> GOAL OF THE EXERCISE: Word for word, transcribe every line from the one holding "Savor your favorite" through the end of the records, but not the pictures.

> LISTED ENTRIES:
Start of Block
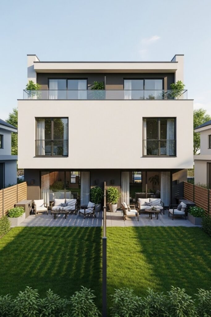 This duplex plan adds usable outdoor space by placing a terrace on the roof. Each unit can have a private section or a shared area, depending on preference.
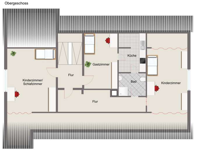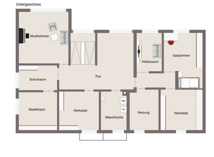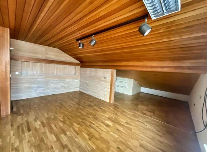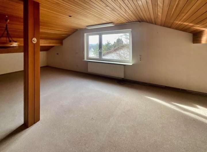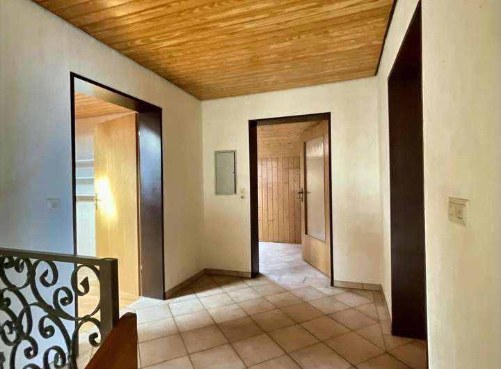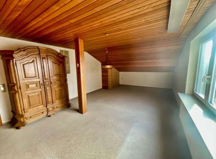 Das Obergeschoss bietet mit zwei sehr geräumigen Kinderzimmern, einem Gästezimmer, einer Küche und einem Bad genügend Platz für eine Familie. Im Untergeschoss stehen weitere Räume zur Verfügung, welche genügend Raum für eine freie Entfaltung bieten. Ein Zugang zur uneinsichtigen Terrasse und ein weitläufiger Garten runden das einmalige Angebot ab. Zwei Garagen sind ebenfalls vorhanden.
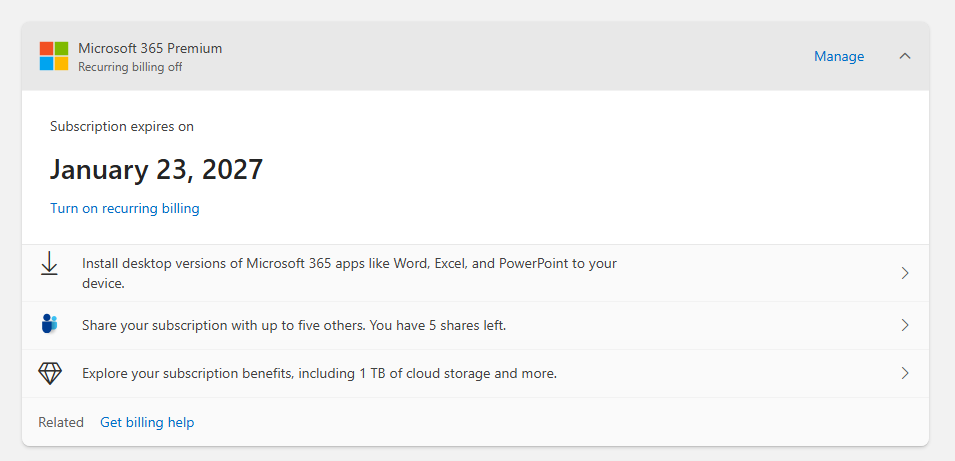 account.microsoft.com/services → Manage → Recurring billing OFF
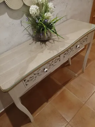 Elegante entradita con un diseño delicado y acabados cuidados. - Encimera de madera con tapa de cristal. - Patas curvas con un toque clásico. - Cajones con detalles ornamentales calados.
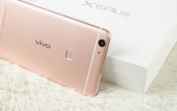 另外,就vivo X6Plus的背部设计来说,与苹果iPhone 6s相似,拥有两条“信号带”。不过,它的纳米注塑信号带宽度仅为1.5毫米,视觉上更窄一些,也更具美感。此外,vivo X6Plus背部同样加入了按压式指纹识别模块,如下图所示,支持指纹解锁、解密隐私空间等功能,响应灵敏,体验与vivo X6一样,令人满意。
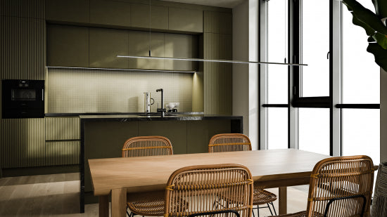 Das Endergebnis der Installation des LED-Atomprofils mit einem NANO-Lampenschirm unter Verwendung Atom-Montagehalterung.
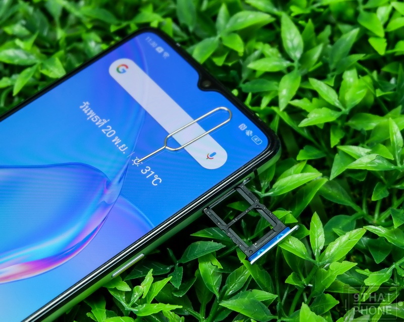 ด้านหน้าส่วนบน มีรอยบากทรงหยดน้ำแบบ Super Tiny Dewdrop โดยเป็นจุดติดตั้งของเลนส์กล้องหน้าเซลฟี่ความละเอียด 16MP มาพร้อมโหมดถ่ายภาพ AI Beauty ที่สามารถจดจำได้มากกว่า 296 จุดบนใบหน้า และสามารถปรับแต่งความสวยงามตามเอกลักษณ์เฉพาะบุคคล และรองรับ Selfie Nightscape ส่วนรายละเอียดเดี๋ยวเราจะไปทำความรู้จักกันในส่วนของโหมดการใช้งานกล้องถ่ายภาพกันค่ะ
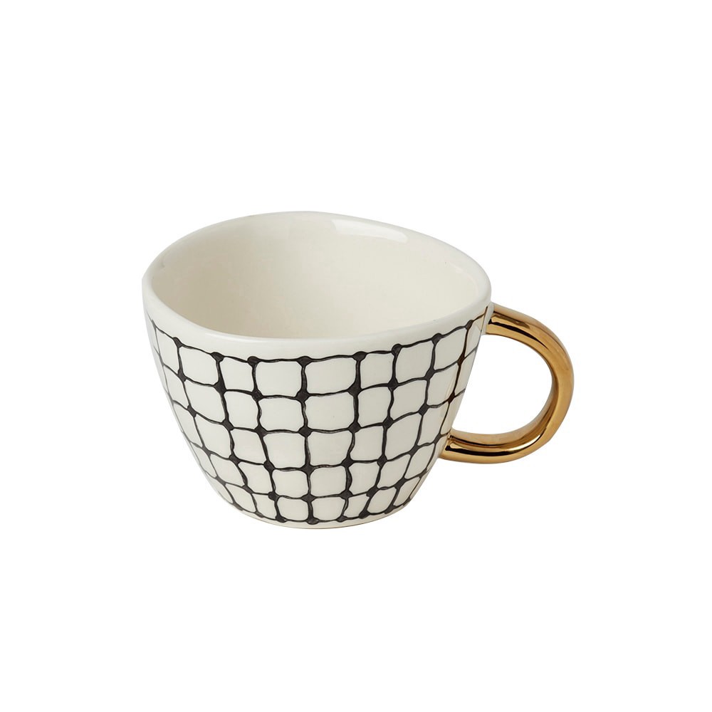 Savor your favorite coffee or tea in style with this 12.27-ounce mug from Tabletops Gallery. Featuring a fun grid pattern and a gold handle, this mug feels elegant and elevated.12.27-ounce capacity, 5…
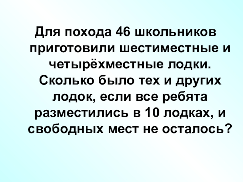 Слайд 23Для похода 46 школьников приготовили шестиместные и четырёхместные лодки. Сколько было
End of Block
> ANSWER TO THIS PROBLEM:
 Savor your favorite coffee or tea in style with this 12.27-ounce mug from Tabletops Gallery. Featuring a fun grid pattern and a gold handle, this mug feels elegant and elevated.12.27-ounce capacity, 5…
 Слайд 23Для похода 46 школьников приготовили шестиместные и четырёхместные лодки. Сколько было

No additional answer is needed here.